This tutorial focuses on CosMx protein data, which provides Fields of View (FoVs) with cell identifiers. Note that FoVs are unique to CosMx.
Additionally, even if not tested, the same approach can be extended on Akoya
CODEX data, as far as a SpatialExperiment
object is created.
Polygons can be loaded later if needed.
The plotCellsFovs
function shows a map of the FoVs within an experiment.
This plot is specific to CosMx data and uses cell centroids.
Please keep in mind, that this specific experiment had unaligned fov_positions
and cell centroids positions.
An alignment approach, can be found at the end of the scripts/datacreation.R
file.
# Plot the cells within their respective Field of Views (FOVs)
plotCellsFovs(spe)
Because the dataset is a subset of just one Field of View of the original experiment, we are able to see the identifier of the FoV in black and the centroids of the cells in purple.
When an experiment has multiple FoVs, you can see the map and the topological organization of the FoVs, together with their identifiers.
The spatialPerCellQC
function, inspired by scater::addPerCellQC
, computes
additional metrics for each cell in the SpatialExperiment
. It also allows for
the detection of negative control probes, which is crucial for QC.

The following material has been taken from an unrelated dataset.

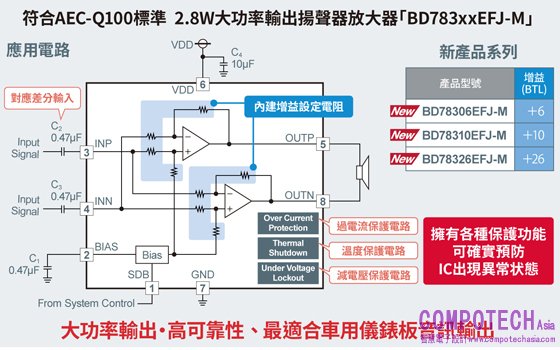 「BD783xxEFJ-M」是針對方向燈轉向音、警告音以及歡迎語音、語音支援等需要大音量輸出各種語音的車用儀錶板所研發而成的揚聲器放大器。該產品採用全新過電流保護電路,實現了過去難以兼顧的輸出短路保護(引腳意外接觸導致的損壞)和2.8W大功率輸出。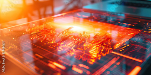 hologram, desk, peaceful, technically, advanced, city, image, semitransparent, projection, utopia, digital, holographic, sunrise, synthetic, futuristic, modern, sleek, professional, vibrant, interactive, educational, engaging

By default, it automatically removes 0 counts cells, but this can be handled
with the rmZeros
argument.
Here, for transparency, we specified the negProbList
for CosMx protein assays,
but the algorithm has already a set of negative probes for the mostly used
probes in multiple technologies.
Notice that despite the same approach can be applied to CODEX data, it is not
provided a list of negative probes for this technology, so the user needs to
specify them.
# Perform per-cell quality control checks
spe <- spatialPerCellQC(spe, negProbList=c("Ms IgG1", "Rb IgG"))
names(colData(spe))
## [1] "fov" "cellID"
## [3] "Area" "AspectRatio"
## [5] "Width" "Height"
## [7] "Mean.PanCK" "Max.PanCK"
## [9] "Mean.CD68" "Max.CD68"
## [11] "Mean.Membrane" "Max.Membrane"
## [13] "Mean.CD45" "Max.CD45"
## [15] "Mean.DAPI" "Max.DAPI"
## [17] "SplitRatioToLocal" "NucArea"
## [19] "NucAspectRatio" "Circularity"
## [21] "Eccentricity" "Perimeter"
## [23] "Solidity" "cell_id"
## [25] "X" "version"
## [27] "dualfiles" "Run_name"
## [29] "Run_Tissue_name" "ISH.concentration"
## [31] "Dash" "tissue"
## [33] "Panel" "assay_type"
## [35] "slide_ID" "median_RNA"
## [37] "RNA_quantile_0.75" "RNA_quantile_0.8"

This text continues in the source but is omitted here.